Steps of RT correction

Answer 62

-Calculate the median RT of all well behaved groups -If a sample elutes before the median: negative deviation (logic, sd) -Place this sample on a graph in which the y-axis plots the deviation from the median against time -do this for all gates for the same color sample (eg red) (negative and positive deviations within each gate) -Local regression (loess) -Adjust retention times according to deviations fit (so that the line is stable around zero deviation) -Nonlinear aligment: different corrections at different time points -repeat for all samples -use the correction factors to correct RT

Question 63

What is done with the correction factors from RT correction?

Answer 63

They are applied to well behaved AND not well behaved groups (all)

Question 64

Filling in the missing peak data

Answer 64

Determine which samples are missing for each peak group (no peak detected) and use information from the peak detection about where peaks begin and end and aligned RT for each sample. > integrate the raw LC-MS data to fill in intensity values for missing data points

Question 65

Why is the filling of missing peak data needed?

Answer 65

Because a significant number of potential peaks can be missed in the detection and they are needed for robust statistical analysis.

Question 66

Filter and identify peaks in 3 steps

Answer 66

1. EICs 2. apply model peak matched filter 3. identify and integrate peak data

Question 67

Match peaks across samples in 3 steps

Answer 67

1. Segment global peak list by mass 2. identify times w/ high peak density 3. create groups in dense regions

Question 68

Retention time correction in 3 steps

Answer 68

1. Identify groups for use as standards 2. calculatie retention time deviations 3. align peaks using non-linear warping

Question 69

Fill in missing peak data in 3 steps

Answer 69

1. Identify groups missing samples 2. calculate mass/time peak regions 3. integrate intensity from raw data

Question 70

What can be done with the final peak table?

Answer 70

Statistical analysis > visualization of the important peaks

Question 71

Applications final peak table with compounds and relative concentrations

Answer 71

-Statistical analysis -Multivariate statistical analysis -Pathway analysis -Systems biology

Question 72

Metabolite identification settings

Answer 72

m/z, ion mode (pos or neg) > assume [M+H] or [M-H]

Question 73

What is systems biology?

Answer 73

a biology-based inter-disciplinary field of study that focuses on complex non-linear interactions within biological systems, using a more holistic perspective to biological and biomedical research instead of the traditional reductionistic approach.
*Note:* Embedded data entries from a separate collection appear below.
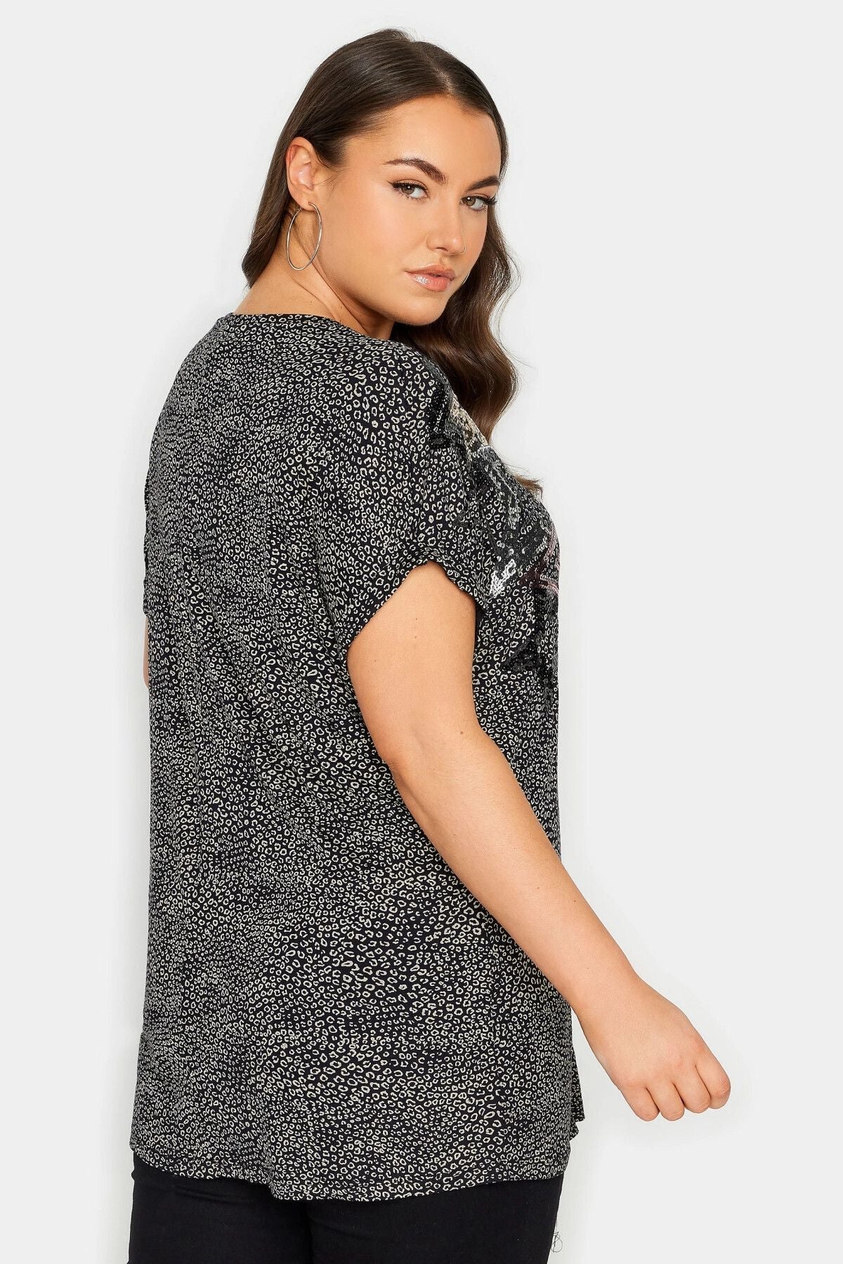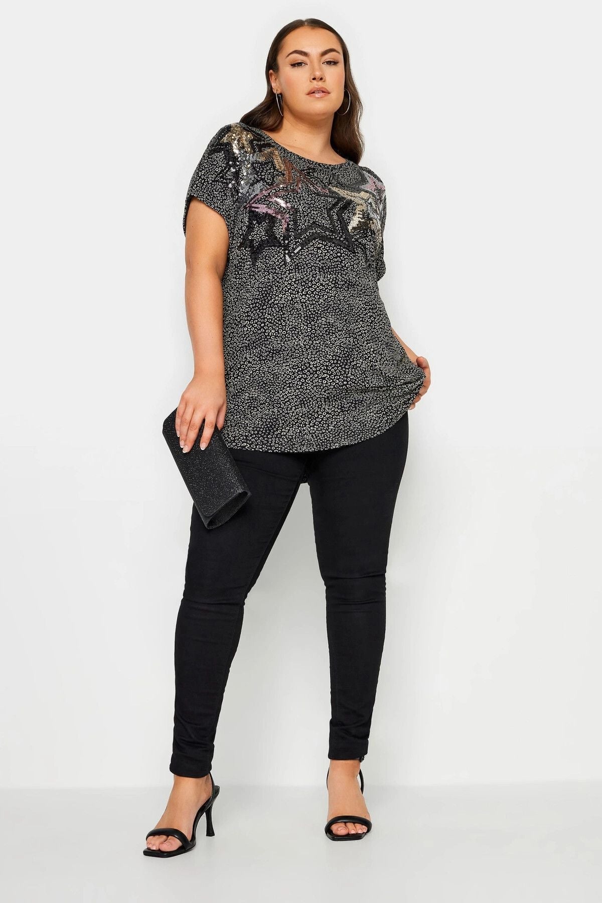 טישירט במידות גדולות צווארון עגול קצר מעוטרת באבנים דוגמת כוכב 302856
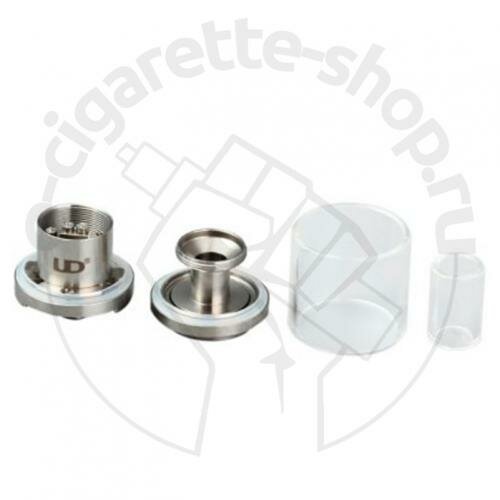 Устройство поставляется в сборе с фирменным стеклянным дрип-типом. Также в комплекте имеется переходник, с помощью которого можно установить любой 510-й дрип-тип.
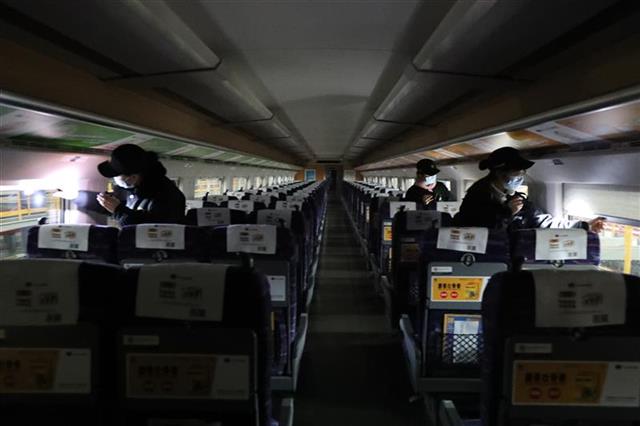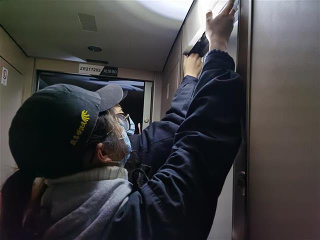 2月1日10时许,记者跟着均是24岁的洪雨佳、马浩然、罗倩登上了停在动车段91道的一辆“复兴号”。因为有其他工种不能带电作业,车厢内开启备用电源,灯光较为昏暗。
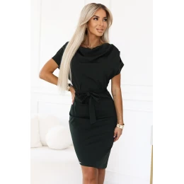 Elegantní, přizpůsobené šaty v moderním odstínu tmavé khaki jsou must-have v ženské šatníku. Model má krátký rukáv, decentní výstřih typu voda a pásek uvázaný v pasu, který krásně zdůrazňuje postavu. Vyrobeno z vysoce kvalitního elastického materiálu, zaručuje pohodlné nošení a ideální přizpůsobení postavě. Šaty se skvěle hodí na každodenní nošení, do práce, stejně jako na schůzky a elegantní události. Vsadte na eleganci a pohodlí, vyberte si šaty od značky Numoco a buďte každý den cítit výjimečně! Polský výrobek značky Numoco.

Combination of wet-lab experiments and computational approaches.

Question 74

what is systems medicine?

Answer 74

the scientific discipline that aims at systems level understanding of for example biological networks or cells or organs or organisms. It extends systems biology by focussing on the application of system based approaches to clinically relevant applications in order to improve patient health.

Question 75

What is needed for systems medicine?

Answer 75

Integration of different types of data phenotype/clinical, molecular, information about cells, organs, social networks/epidemiology

Question 76

Contributions of systems medicine

Answer 76

o Improved molecular disease signatures o Improved stratification (detection of sub-groups) of disease subtypes o Improved personalized treatment o Improved treatments through detections of novel genes which are mutant in diseases.